Novel peptidyl α-aminoalkylphosphonates as inhibitors of hepatitis C virus NS3/4A protease

- The synthesis of novel irreversible phosphonic inhibitors of HCV NS3/4A protease is described.
- The inhibitory potency of synthesized compounds has been demonstrated.
- The selectivity of synthesized compounds has been evaluated.
- The most potent inhibitor 54R showed k2/Ki value of 79 850 M−1s−1.
- The obtained inhibitors reduced replication of HCV genotypes 1b and 2a.

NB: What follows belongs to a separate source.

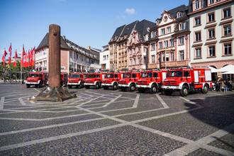 Acht neue Tanklöschfahrzeuge (TLF 3000) an sieben Verbandsgemeinden und die Stadt Pirmasens übergeben.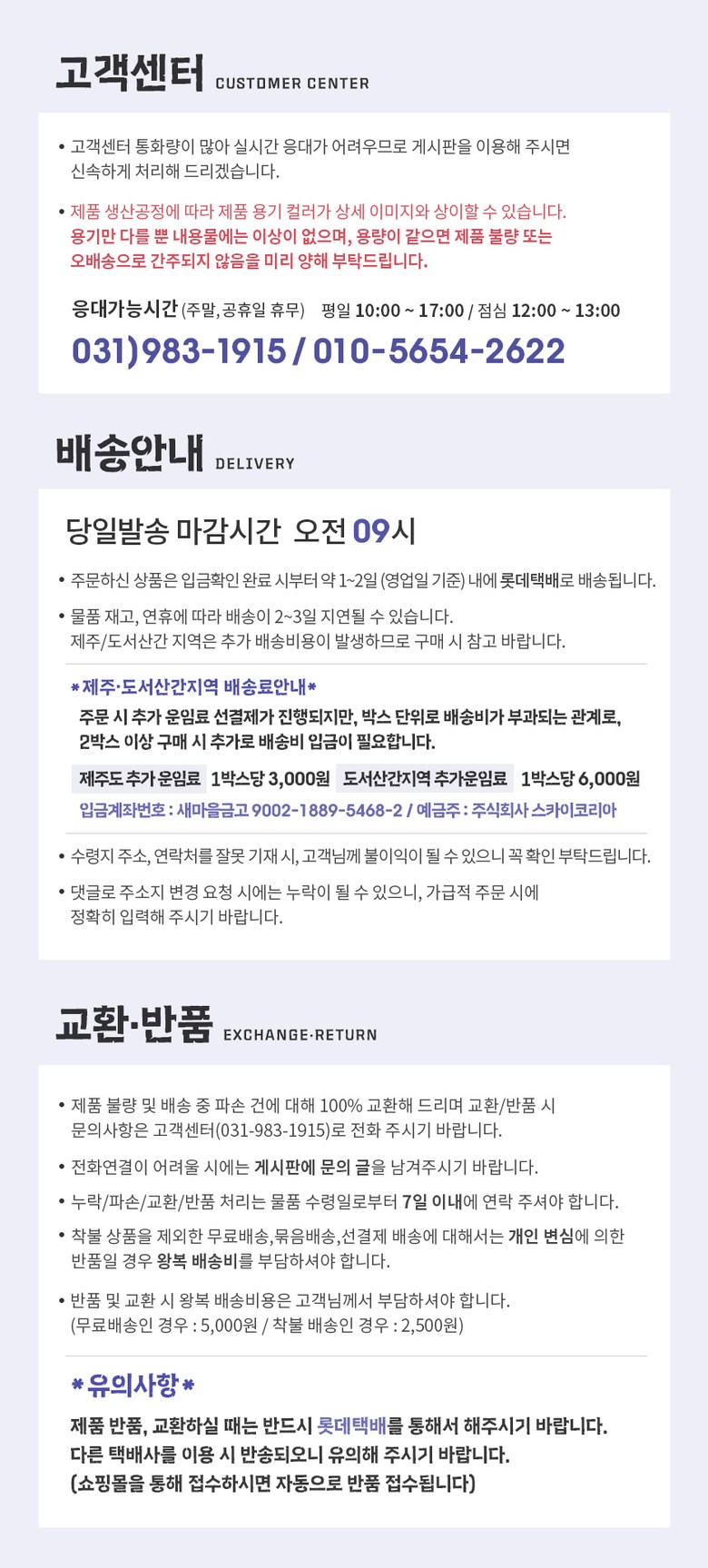 | 배송방법 | 순차배송 | 배송비 | 무료배송 · 도서산간 추가 배송비 - 제주 지역: 5,000원 - 도서산간 지역: 8,000원 |

Herein, we describe the synthesis and application of novel phosphonic inhibitors designed to target the NS3/4A protease, which is crucial for the life cycle of hepatitis C virus. We examined the inhibitory potency of our synthesized compounds against two genotypes (1a and 1b) of NS3/4A protease and four mutant strains of HCV. The most potent inhibitors displayed k2/KI values of 79 850 M−1s−1 and 60 850 M−1s−1 against genotype 1a and 1b protease, respectively. Further in vitro evaluation of the most potent inhibitors revealed that vastly reduced HCV replication. Cellular toxicity, plasma stability, reactivity with selected human proteases as well the stability of inhibitor-protease complex and its intracellular availability are also discussed.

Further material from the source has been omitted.